What is his name again? Reuben or Monte or Hoagie? Maxine Pawlikowski can’t remember, but she does know it’s some useless sandwich. “Another take,” she says from the last row of the classroom.
Hoagie sighs and then strides up the aisle two steps at a time, pushing up those black-rimmed glasses he wears to keep the tortured-artist thing going. He wants to be imposing, or at least he acts as though he does, but the man needs a sandwich himself. Maxine could break him in two over her thick, fifty-seven-year-old Polish knee.
“What is it you want?” he whispers.
“Haven’t a clue,” Maxine says, silently daring him to say one more word. A minute later, they’re back to work.

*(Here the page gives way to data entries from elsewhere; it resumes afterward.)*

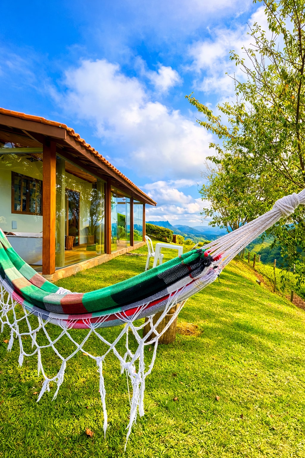Ubicado en una de las montañas más altas de São Bento do Sapucaí, el Chalet nas Nuvens (a solo 20 minutos del centro de São Bento) es una lujosa casa de montaña de vidrio que ofrece senderos exclusivos, una granja con animales, jacuzzi, miles de árboles frutales, parrilla, terraza con el atardecer más hermoso de la región, chimenea, fogatas y magníficas vistas durante todo el año de la Serra da Mantiqueira. Nos gusta llamarlo “el paraíso en la tierra”.
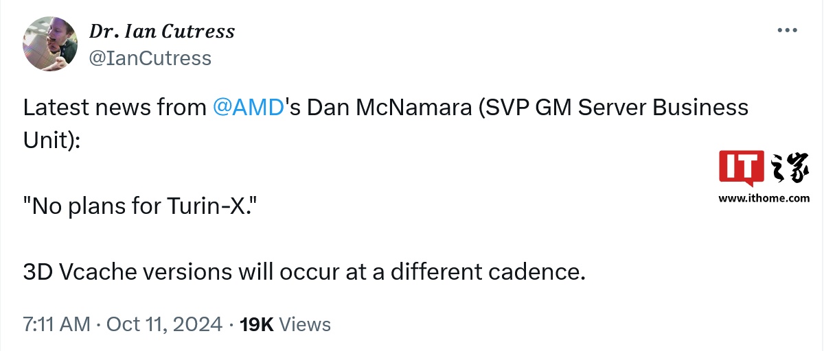 IT之家注意到,AMD 高级副总裁、服务器事业部总经理 Dan McNamara 曾告知海外媒体人 Ian Cutress,AMD 没有推出 Zen 5 架构 EPYC Turin-X 3D V-Cache 服务器处理器的计划。
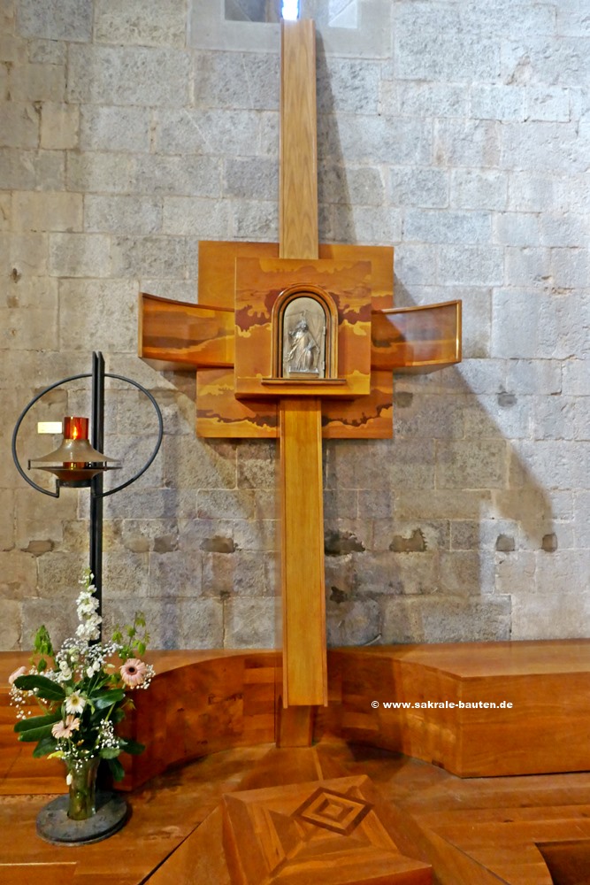 Tabernakel: Zeitgenössisches Kunstwerk des Bildhauers Adriano Mancini. Hauptaltar: Er besteht aus einer vorderen Steinplatte.
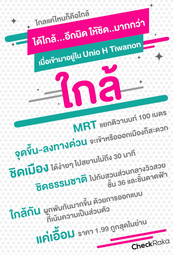 ไกลแค่ไหนก็คือใกล้ : "Unio H Tiwanon" MRT สถานีแยกติวานนท์ อยู่หน้าโครงการ!
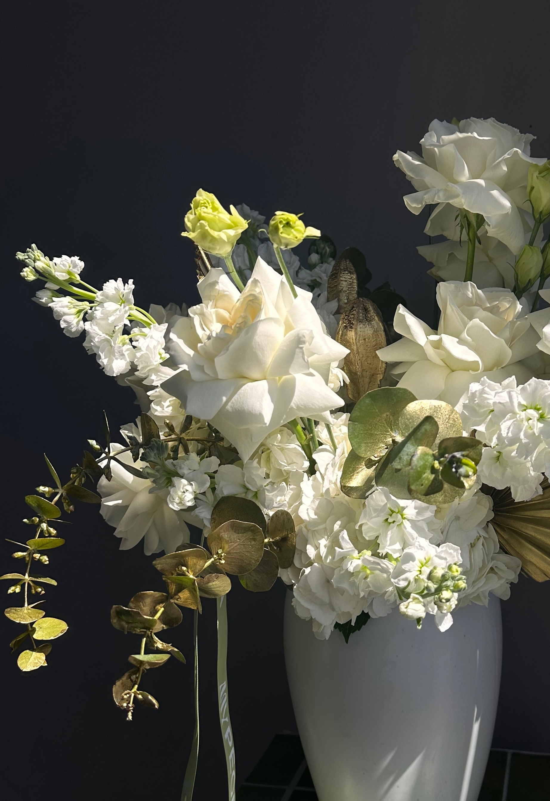 Interior arrangement “Del Mar“ - peony roses, ranunculus, calla lily (ONLY MIAMI)
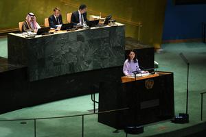 (250923) -- NACIONES UNIDAS, 23 septiembre, 2025 (Xinhua) -- Imagen del 22 de septiembre de 2025 de Annalena Baerbock (frente), presidenta del 80º período de sesiones de la Asamblea General de la ONU, hablando durante la Conferencia Internacional de Alto Nivel para la Solución Pacífica de la Cuestión de Palestina y la Implementación de la Solución de Dos Estados, en la sede de la ONU, en Nueva York. El presidente francés, Emmanuel Macron, dijo el lunes en una reunión de la ONU sobre la solución de dos Estados que su país reconoce al Estado de Palestina, con lo que se une a la mayoría de los demás Estados miembros de la ONU que ya lo han hecho. (Xinhua/Li Rui) (oa) (ah) (ce)
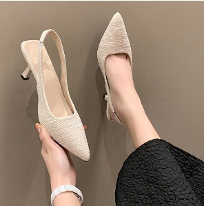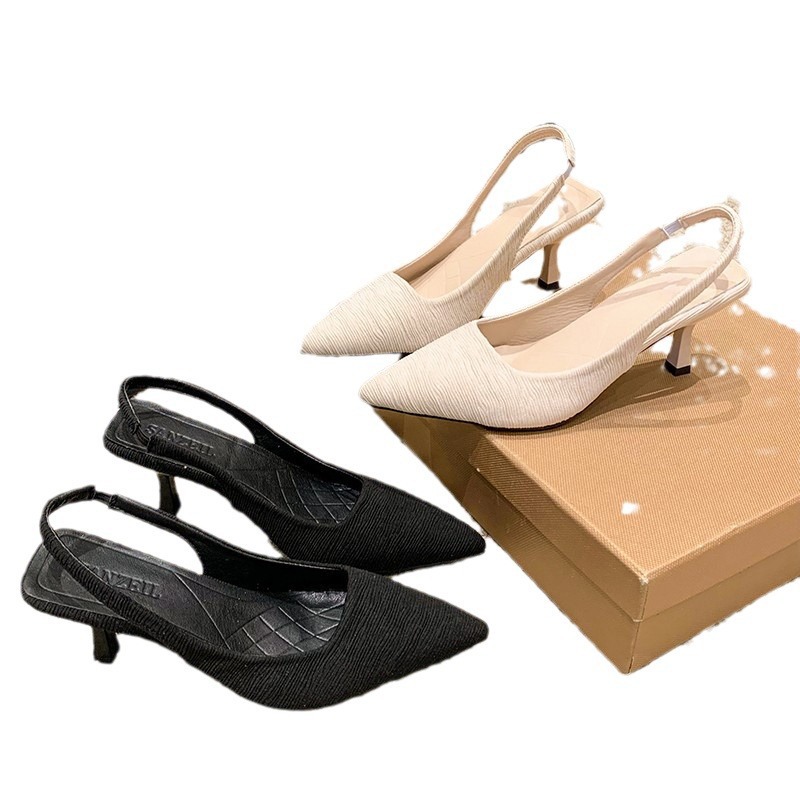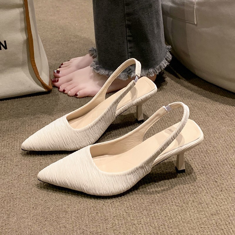 法式高跟包头后空凉鞋女春夏季小众高级感尖头细跟小香风单鞋

“That’s not us!” Amanda says.
“Close, but not quite,” Maxine says.
At six one in flats, Amanda towers over Hoagie, though instead of a thirty-two-year-old woman, Maxine can only see the toddler who stumbled toward her all those years ago, the one who ran in circles and called her Aunt Maxie. The one who did belly flops into that damned above-ground pool. Those images help Maxine overlook the badly chosen boyfriends (yes, you, Hoagie), and that Amanda, as the board-appointed president of Burton University, a position she took over from her father, drew a bonus of six million last year (six point three million to be exact), all due to the long hours Maxine spent running the school.

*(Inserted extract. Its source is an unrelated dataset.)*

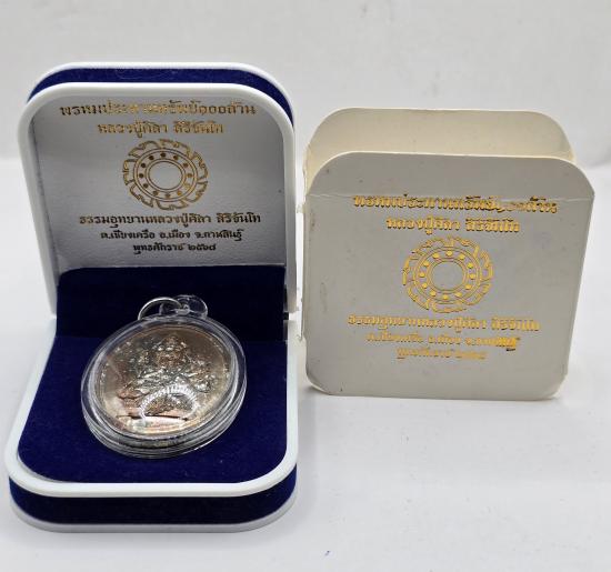 เหรียญ พรหมประทานทรัพย์๑๐๐ล้าน หลวงปู่มหาศิลา สิริจันโท ธรรมอุทยาน วัดพระธาตุหมื่นหิน จ.กาฬสินธุ์ เนื้อนวฤทธิ์ พลายเงิน เลข 931 เลี่ยมกันน้ำ มีกล่องเดิม |

“That’s not us!” Amanda says.
This time her eyes are wide and her dark hair swarms in an unsettling mass. She looks crazy. Super crazy. Lunatic-in-the-attic crazy. Later, Hoagie will shoot on-the-street interviews asking random people what they think when they hear “Burton University,” and most people will say things like, “Can’t you buy those diplomas online?” or “I heard they sell visas to international students,” or, Maxine’s favorite, “They offer degrees in lifelong debt.”
But That’s Not Us. Right?
Or at least that’s what Amanda says when Hoagie edits her into the shot.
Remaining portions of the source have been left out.